Choose the Right Fence for Your Goat
By Noble Sprayberry
Photography by Amy Peterson
Curious, persistent, and resourceful. It's a mix of personality traits all too familiar to anyone raising one of the animal world's leading escape artists: goats.
After years of raising Boer goats just outside Fort Worth, Texas, Carol Rochester understands the animals' persistence all too well.
"A bad fence will make a bad goat," she says. "Once they find a hole, they'll keep going back there. After one or two get out, the whole herd will go. And there's isn't too much they can't figure out, whether it's a bolt or a gate latch."
Wandering goats, not to mention neighbors irritated by unexpected visits, represent only one problem. Improperly installed fencing can also put goats at risk.
"I can't tell you how many times I've driven down some lonely country road and seen a silly goat with its head stuck in a fence, and that's just predator bait," Rochester says.
She speaks from experience. Rochester, who earned a degree in animal husbandry in England, moved to the United States in 1982. She's raised Boer goats since their introduction into the United States in the mid-1990s.
Rochester's animals are frequent winners at the competitive Fort Worth Stock Show Rodeo, winning at least one of three goat divisions each year since 1996. She devotes 15 acres to goats, averaging about 40 animals per acre.
Securing any goat operation begins with a good perimeter fence, she says. Often people try to adapt an old cow fence and learn too late the gaps between fence wires, or squares, are the wrong size.
A curious goat can often push its head through the fence but its horns can keep them from pulling free, Rochester says.
A fence with 4-inch squares represents the best option, Rochester says. Fencing with 12-inch squares usually allows a goat to push through and usually pull back safely.
"A 6-inch square is a goat-killer," she says. "They can sometimes strangle in there but the biggest thing is predators. They're coyote bait."
Rochester begins most perimeter fences with 4-foot-high fencingthat meets the ground and is secured to 7-foot posts. A plain wire pulled as tight as possible runs between the posts at eye- level, which not only secures the top rung of fence, but it discourages goats from climbing the fence.

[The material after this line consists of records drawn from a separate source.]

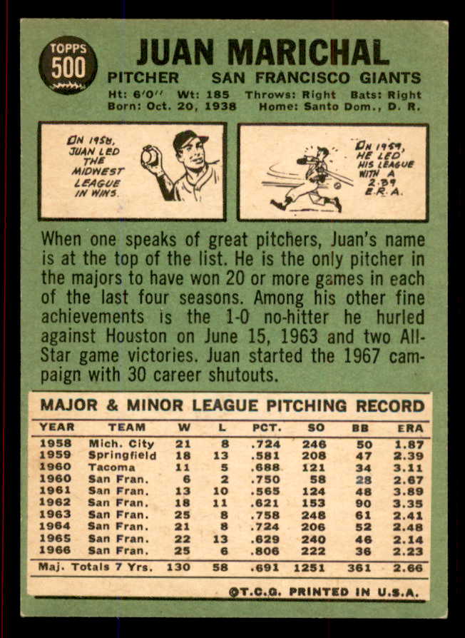 1967 Topps Baseball #500 Juan Marichal Giants EX 545807
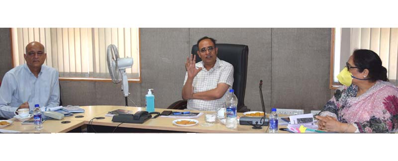 Principal Secretary PDD Rohit Kansal chairing a meeting at Jammu on Friday.
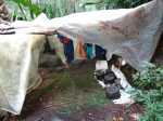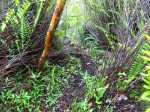 La pluie nous surprend sur le plateau, ça tombe fort et la descente vers la rivière va s’avérer extrêmement glissante.

To further discourage climbing, some goat owners recommend stringing a strand of electric fencing at the top of the wire fence.

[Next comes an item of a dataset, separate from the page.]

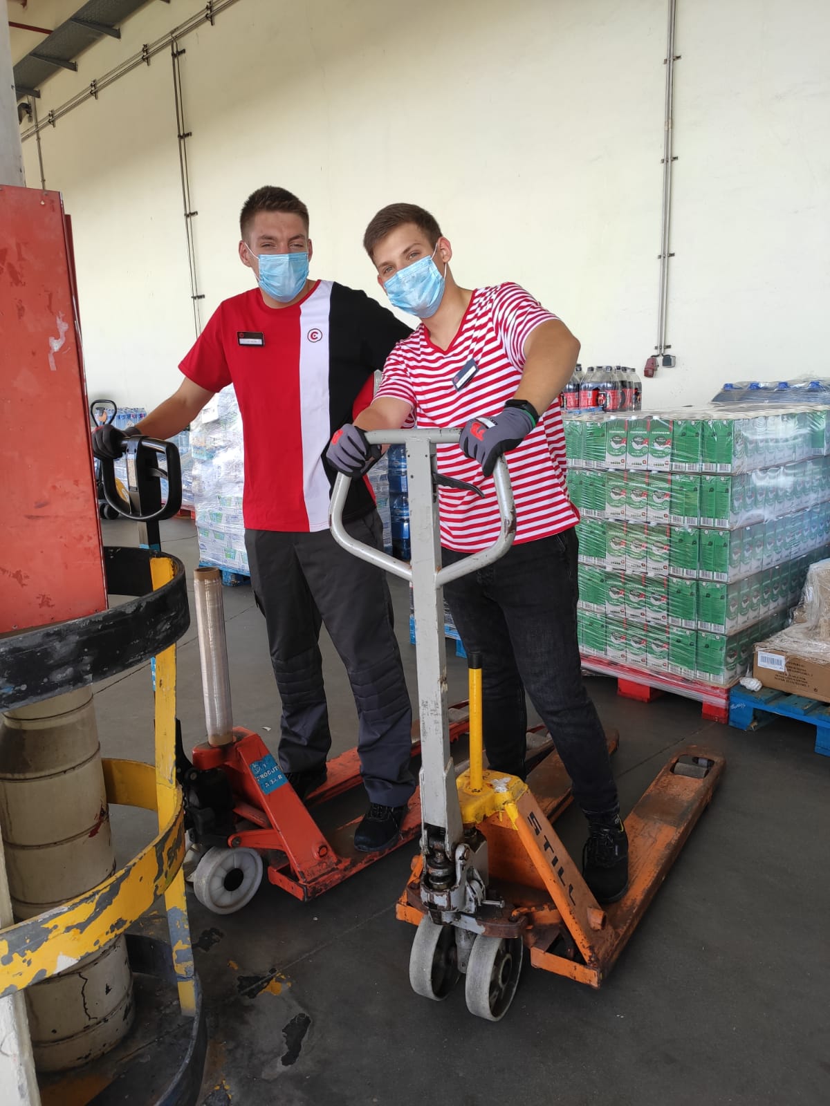 Uczniowie na praktykach zawodowych w magazynie sklepu.

Once completed, the fence should offer good security, particularly because goats usually won't jump a fence. They will, though, test the fence, scratching against it to relieve the itching caused by lice common in all goats, Rochester says. And because bucks - male goats - can weight as much as 400 pounds, they can do heavy damage to a fence.

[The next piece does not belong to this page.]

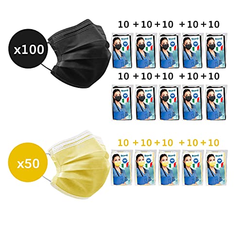 150 Mascherine CHIRURGICHE NERE x100 e GIALLE x50 Colorate Mix per Adulti Certificate CE Tipo IIR BFE ≥ 98% Mascherina Chirurgica Colorata italiana Uomo Donna in 15 confezioni da 10

Rochester also keeps special pens for kids, corralling young goats with portable, tubular fence panels. The panels also work well for quickly establishing chutes when loading or unloading goats or separating a sickly goat.
There's also a frequent need to temporarily divide a pasture. Rochester prefers fence panels made of welded wire, with squares that become smaller toward the bottom, graduating to a size small enough to prevent the escape of young kids.